• _ASSIGNED TASK_: Reproduce exactly the span of lines beginning at the one with "A stunning focal" and ending at the last line of the data below, omitting pictures.

• _ENTRIES SHOWN_:

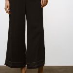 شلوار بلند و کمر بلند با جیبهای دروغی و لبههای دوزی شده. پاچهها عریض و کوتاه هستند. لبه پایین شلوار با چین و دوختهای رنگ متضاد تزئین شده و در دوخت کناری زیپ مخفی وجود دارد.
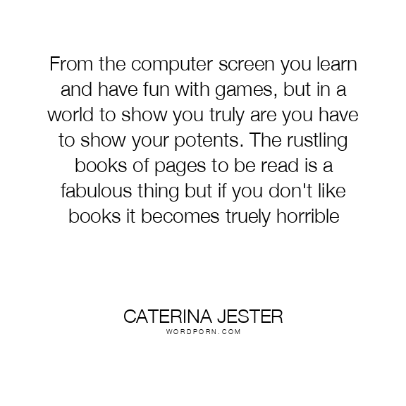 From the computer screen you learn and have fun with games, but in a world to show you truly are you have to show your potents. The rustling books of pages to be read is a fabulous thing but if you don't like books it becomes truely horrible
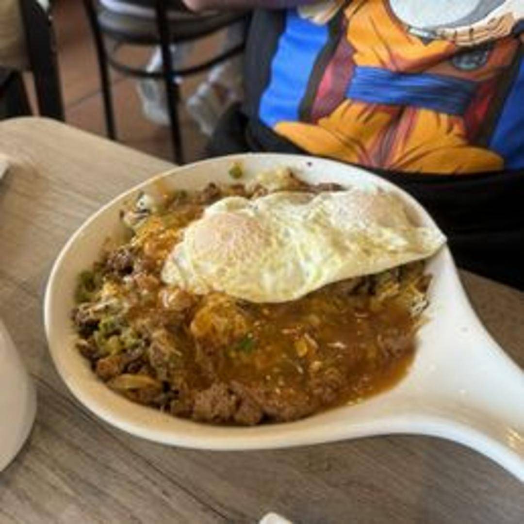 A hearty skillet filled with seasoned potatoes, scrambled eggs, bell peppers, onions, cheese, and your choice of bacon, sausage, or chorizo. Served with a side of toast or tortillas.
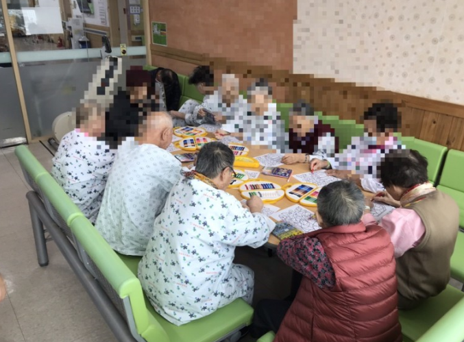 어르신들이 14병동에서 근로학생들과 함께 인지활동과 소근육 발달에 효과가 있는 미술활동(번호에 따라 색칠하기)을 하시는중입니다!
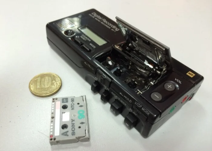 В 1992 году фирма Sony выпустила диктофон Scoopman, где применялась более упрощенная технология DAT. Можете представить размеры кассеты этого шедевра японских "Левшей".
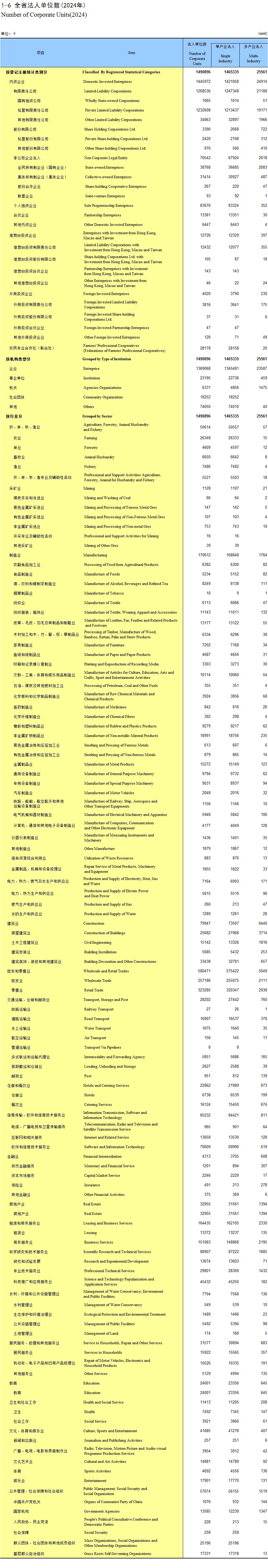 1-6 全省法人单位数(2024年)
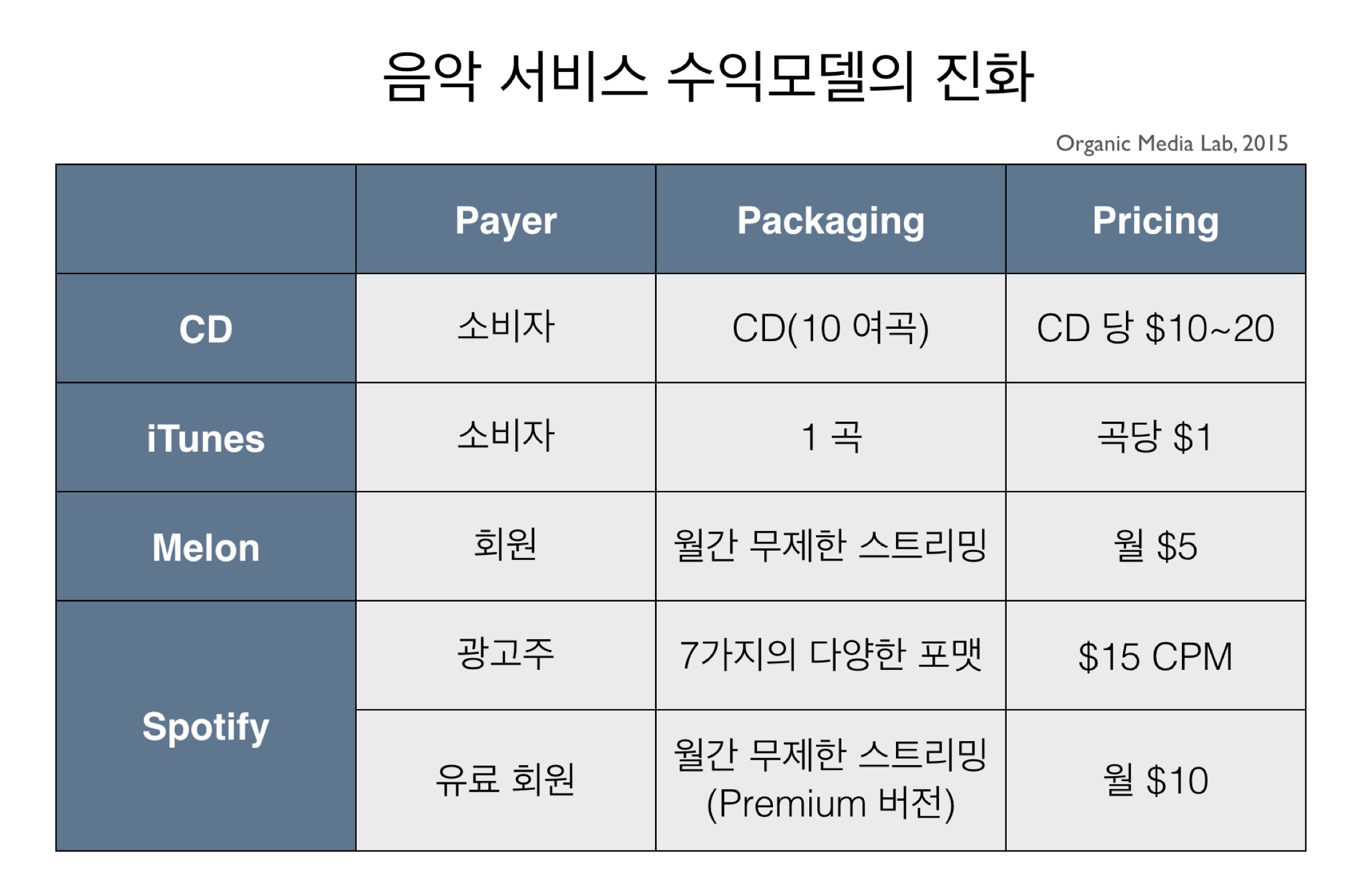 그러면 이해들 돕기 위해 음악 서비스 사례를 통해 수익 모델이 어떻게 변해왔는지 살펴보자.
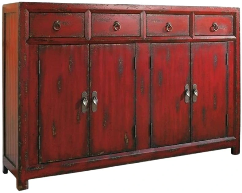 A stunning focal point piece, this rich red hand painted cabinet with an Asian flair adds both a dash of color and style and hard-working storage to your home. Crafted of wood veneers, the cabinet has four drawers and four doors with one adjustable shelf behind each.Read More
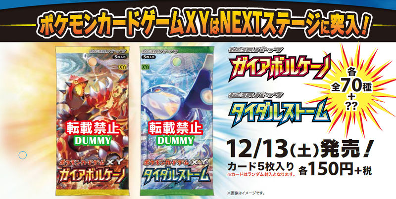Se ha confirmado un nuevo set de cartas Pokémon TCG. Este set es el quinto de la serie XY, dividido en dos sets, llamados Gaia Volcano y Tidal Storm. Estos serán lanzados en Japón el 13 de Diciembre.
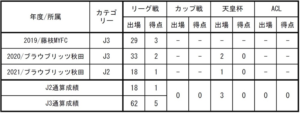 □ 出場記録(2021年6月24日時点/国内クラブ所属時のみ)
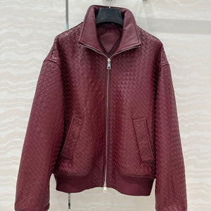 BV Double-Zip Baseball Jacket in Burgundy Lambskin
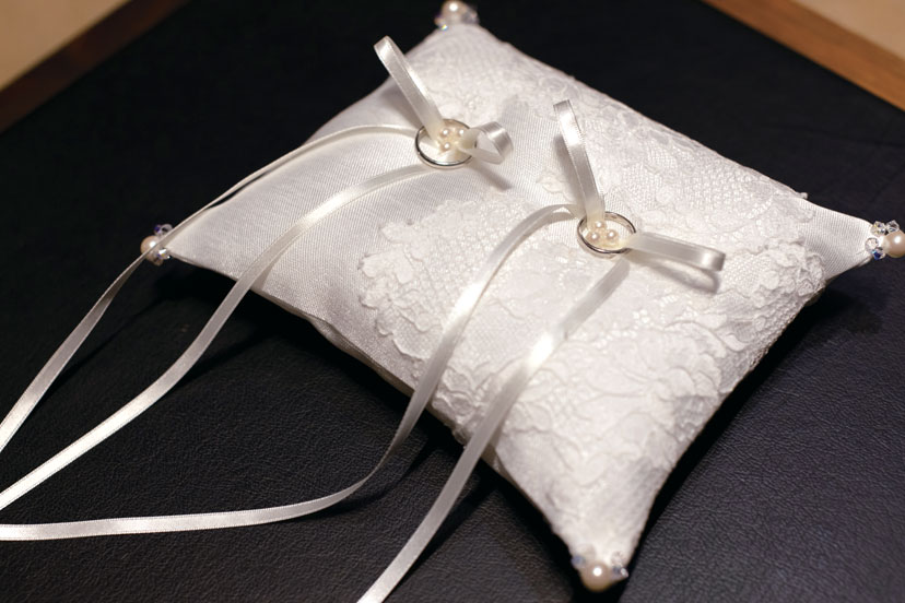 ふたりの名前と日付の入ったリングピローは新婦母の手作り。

• _RESPONSE TO THE TASK_:
 A stunning focal point piece, this rich red hand painted cabinet with an Asian flair adds both a dash of color and style and hard-working storage to your home. Crafted of wood veneers, the cabinet has four drawers and four doors with one adjustable shelf behind each.Read More
Se ha confirmado un nuevo set de cartas Pokémon TCG. Este set es el quinto de la serie XY, dividido en dos sets, llamados Gaia Volcano y Tidal Storm. Estos serán lanzados en Japón el 13 de Diciembre.
 □ 出場記録(2021年6月24日時点/国内クラブ所属時のみ)
 BV Double-Zip Baseball Jacket in Burgundy Lambskin
 ふたりの名前と日付の入ったリングピローは新婦母の手作り。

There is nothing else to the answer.